The Haredim (ultra-Orthodox) are changing their attitude toward Israeli society writ large, and are returning to their historical stance of oppositionalism – resistance to authority and expectations.
Last month, Yitzhak Goldknopf and Meir Porush, two ministers from Agudat Yisrael, resigned from the government. Earlier this week, the Degel HaTorah party pulled out of the coalition, followed by Agudat Yisrael. Most commentators have treated these developments with some cynicism, convinced that a formula for a conscription law will be found before the resignations take effect, and everyone will return to the fold.
I am not certain they are right. There is a reasonable chance that the Haredim (ultra-Orthodox) — at least the Ashkenazi faction — will “go all the way” and leave the government, even if it brings it down. We should consider the possibility that the Haredim are changing their attitude toward Israeli society writ large, and are returning to their historical stance of oppositionalism — resistant to authority and expectations.

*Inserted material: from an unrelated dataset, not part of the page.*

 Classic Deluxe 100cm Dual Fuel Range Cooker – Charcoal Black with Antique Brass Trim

The Haredim see themselves as the “surviving remnant” — the authentic Jews who were not swept up by the waves of modernity, secularism, and nationalism. and therefore stand apart from the broader Jewish public. They maintain a separate and parallel system of public institutions alongside those of the broader Jewish and Israeli society — not only schools and synagogues, but also free-loan societies and charitable welfare organizations. Their fundamental ideological position is that they are “in exile among Jews,” to use the title of a famous article by one of their leaders in Poland, Nathan Birnbaum (1864-1937).

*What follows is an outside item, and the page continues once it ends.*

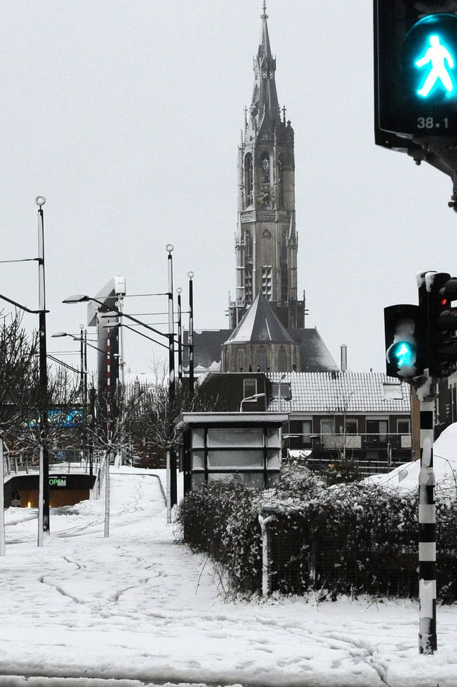 De Nieuwe Kerk in Delft gezien vanaf de Stalpaert vd Wieleweg in de sneeuw met verkeerlicht

The Haredi parties have been part of Likud-led coalitions for nearly 50 years, since Menachem Begin’s political upheaval in 1977. Over the years, Likud essentially invited the Haredim to abandon their oppositional stance and join the broad right-wing coalition of traditionalists, religious Zionists, and Haredim — the “coalition of believers,” as Shimon Riklin calls it. The Haredim responded that they were willing to do so, but only if their most basic and important interests were safeguarded. These included a complete exemption from military service for all Haredi men devoted to full-time Torah study. For a time, such a demand was politically untenable, due to the presence in Likud coalitions of secular (Yisrael Beiteinu) or centrist (Yesh Atid) parties. Yet there was an expectation that with the rise of “full right-wing” governments, a Haredi draft exemption law might finally pass. Of course, that has not happened, and Netanyahu has essentially stalled them for two years.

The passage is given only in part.